As needs become more complex, that insight becomes more important. Frailty, dementia, cognitive change, and multiple health conditions can make it harder for a person to explain what feels wrong, what brings reassurance, or what helps them feel oriented and calm. In those moments, family caregivers often hold essential knowledge that helps care teams understand the whole person as part of a diagnosis. That is central to Perley Health's approach that's shaped around the realities of aging and increasing frailty, and which recognizes that complex needs are not only clinical, but also relational and shaped by history, habits, trust, and personal meaning.

This is also why difficult conversations matter. Caregivers are often trying to make sense of changing circumstances while also helping a loved one navigate uncertainty, risk, and decision-making. Discussions about aging, likely health outcomes, personal values, and future care can be hard for everyone involved, but they are too important to avoid.
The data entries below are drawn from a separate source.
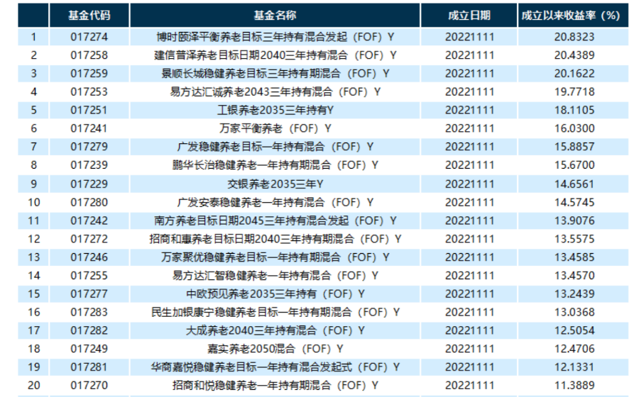 具体来看,截至11月17日,博时颐泽平衡养老三年持有(FOF)Y、建信普泽养老目标日期2040三年持有(FOF)Y、景顺长城稳健养老目标三年持有(FOF)Y自成立以来的回报率分别为20.83%、20.44%、20.16%。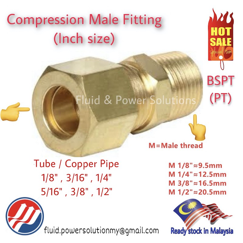 [ Inch ] Compression Male Fitting BSPT(PT) Male 1/8",1/4",3/8" and 1/2",Tube/Pipe inch size1/8",3/16",1/4",5/16,3/8,1/2.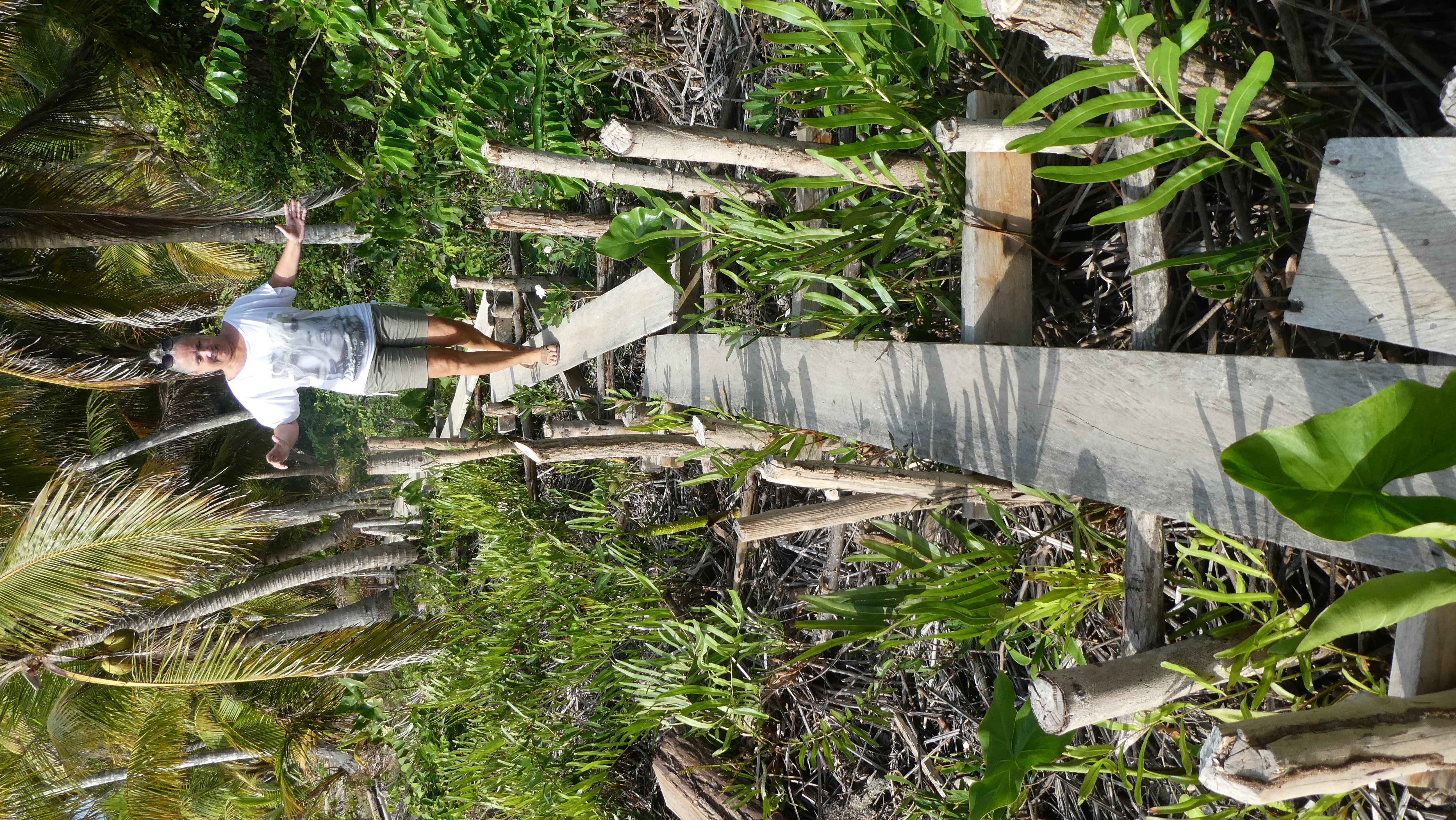 Så er det på tide å utforske øya. Steinar er klar for eventyr.Det var selvfølgelig palmer langs vannet. De er fortsatt de vakreste trærne jeg vet om.Det var palmeskog. Og vi fant ut hvorfor hele ankringsplassen var blitt røyklagt denne morgenen. Alle palmetrær og alle kokosnøtter tilhører en eller annen guna. Det er deres livsgrunnlag, og det er strengt forbudt å ta en eneste kokosnøtt. Skogen blir holdt fritt for småskog og ugress ved å brenne det. Så de hadde ikke brent søppel som vi trodde.Herr og fru «Sisu» på full fart gjennom skogen.Fru «Numa» ønsker velkommen eller noe. Glad for å være på tur er jeg i hvert fall. Det er godt å få bevege seg en gang i blant. Og denne øya var velsignende fri for bakker. Ihvertfall som jeg måtte klatre i.Litt mer karrig terreng. Men vi håndterte det som de tøffe seilerne vi er.Det skal visst være krokodiller her. Noe jeg ikke tror på.Stien til landsbyen gikk faktisk gjennom gravplassen til øyboerne. En litt merkelig opplevelse. Det var stoler og bord og bestikk og tallerkener plassert litt rundt omkring. Samtidig var det åpenbart kristne innslag også. I form av kors mener jeg.De døde var gravlagt i slike hytter.blablaVi nærmer oss landsbyenHerr Sisu og Fru Numa holder inn magen når de blir tatt bilde av. Nå har vi gått i alle fall i 15 minutter, så da må vi vel ha mistet en kilo eller to på veien. Håper vi ikke finner dem igjen.På vei over fotballbanen i utkanten av landsbyen. Fiona, Terry, Carol og meg.Landsbyen i det fjerne. Helt umulig å få tatt bilde uten disse palmetrærne i forgrunnen gitt.Noe sånn som dette har vi aldri sett før. På samme tid fattigslig og rent og pent.Vi vandret gjennom velstelte gater og alle husene hadde høye gjerder rundt en privat gårdsplass. Der holdt visst de voksne til, for det var ingen som «hang» på gatehjørnene. Alle var travelt opptatt med noe.Strandeiendommer. Lenger ut på denne brygga var det offentlige toalettet. Hvert toalett var et hull der ting gikk rett ut i sjøen. Det fikk meg til å tenke på filmen «Slumdog Millionaire».De hadde også sin egen skole.En idyllisk landsby.På vei tilbake fra brygga ble vi praiet av en dame som ville selge oss noe å drikke. Det viste seg å være søsteren til han som hadde servert oss pils på restauranten. Vi kunne velge mellom limonade eller kokosnøtt. Vi valgte kokosnøtt.Broren hakket hull i kokosnøtta for oss, og da var det bare å ta for seg. Til US$ 2,- pr.stk. Alt koster visst 2 dollar her. Det er ikke så lett å ta bilde av folkene her, for det liker de ikke. Vi spurte han her om det var OK, og det var det. Men søsteren ville ha 1 dollar for å bli tatt bilde av. En gang for lenge siden hadde nemlig noen gunaer vært inne på fastlandet og sett at det ble solgt postkort med bilde av dem på. Til 1 dollar pr.stk. Ergo så vil de ha 1 dollar for å bli tatt bilde av. Andre sier det er fordi de tror en bit av sjelen deres blir borte når de blir tatt bilde av, og det vil de ha betalt for. Det er jo også forståelig.Steinar nyter kokosnøttmelk.Det gjør de andre også. Carol, Fiona, Ralph og Terry. På en privat gårdsplass. I San Blas. En helt utrolig opplevelse.Foruten å eie alle kokosnøttene, så driver gunaene også med fiske selvfølgelig. Dette er faktisk farkostene de bruker. Kanoer uthult av trestammer. Jeg trodde virkelig at det var noe som hørte fortiden til. Så der ser man hvor mye man vet.Det var på tide å si adjø, og vi rusler tilbake mot jollene. Stort vakrere kan det jo ikke bli. Skulle bare ønske det ikke var så mye søppel på veien. Men vi tror faktisk ikke det er gunaene som forsøpler, det er plast som kommer med havstrømmene.Dette var en merkelig innretning som vi fikk forklaring på av en lokal mann. Det er en sukkerrørspresse. En gang i året er gunaene på fastlandet og henter sukkerrør. De blir presset i denne pressen, og det lages en alkoholholdig drikk. Kun til bruk for religiøse ritualer. Sukkerrørene plasseres i tvingen nærme palmetreet, og en mann sitter på den lange planken. Dermed blir sukkerrørene presset sammen med stor kraft. Jeg tror det var slik han forklarte.Vi må over en vaklevoren «bro».Godt jeg har litt balanse igjen i kroppen.Vi møtte kjentfolk i jungelen også. Jeff og Di fra «Canapesia» går også en tur på stien. Og hører skogens ro. Men det er garantert ingen gjøk som galer ko-ko her.Hmmmmmmmmmmm. Kunstverk???Vi kom oss velberget tilbake til restauranten, i god tid før middagen ble servert. Innen den tid var vi ikke lenger 6 personer som skulle spise, men halve ankringsplassen. Håper det blir nok til alle.Vi koser oss med en pils før maten. Særlig når «Schloss Ort» spanderte. Som takk for at vi hadde seilt sammen med dem da forstaget gikk føyken. Tusen takk. Jeg tror faktisk at de ikke hadde mer pils igjen i restauranten da vi dro.Det er ikke lov å gå inn med sko.Og så fikk vi servert maten. Vi mistenker dem for å ha delt en, toppen to kyllinger på alle oss. Men vi klager ikke. Det var masse tilbehør. Ris, stekte bananer, bønnestuing, gulrøtter og jeg vet ikke hva alt var faktisk. Godt var det.

Perley Health has developed SeeMe®: Understanding frailty together as a tool to support these conversations among residents, families, and care teams. Built around collaboration, it creates space for clearer discussion about what matters most and how care should respond as needs evolve. That work now extends beyond our campus as we share SeeMe® with long-term care providers across Ontario.

Innovation through Research

Perley Health's broader research and engagement work points in the same direction. The Centre of Excellence has examined the impact of treating caregivers as “nonessential” during COVID-19 restrictions in long-term care. Other work has explored the experience of dementia dyads and the importance of connection, companionship, and belonging. The Centre of Excellence has also focused on the experiences of caregivers by bringing together residents, caregivers, researchers, and staff  to develop a framework for meaningful engagement in long-term care research. Different projects, same lesson: good care depends not only on professional expertise, but on recognizing caregivers as essential partners.

That lesson matters because not every support that strengthens quality of life is funded through the healthcare system. Government funding is vital, but it doesn't cover everything needed to foster dignity, belonging, stronger engagement, innovation, and better partnership with families.

This is where the Perley Health Foundation plays an important role. Through donor support, our Foundation helps fill gaps where public funding doesn't reach, including research through the Centre of Excellence along with other initiatives that strengthen connection, dignity, belonging, and caregiver partnership. In other words, support for caregivers is not only a matter of appreciation. It's also a matter of investment.

National Caregivers Day is a chance to do more than say thank you. It's our opportunity to recognize what caregivers make possible every day for Veterans and Seniors, whether at home, in long-term care, or somewhere in between. Perley Health is working to further deepen integration with families, volunteers, and other care partners by strengthening the education, tools, and processes they need, because better Seniors' care depends on better support for the people who help sustain dignity, connection, confidence, and quality of life.

By Katrin Spencer, Vice-President Strategy and Business Development, Perley Health

 

 

 

 

If we want to improve quality of life for Veterans and Seniors, we all must stop treating these caregivers as adjacent to care and start recognizing them as a crucial part  of our Community of Care.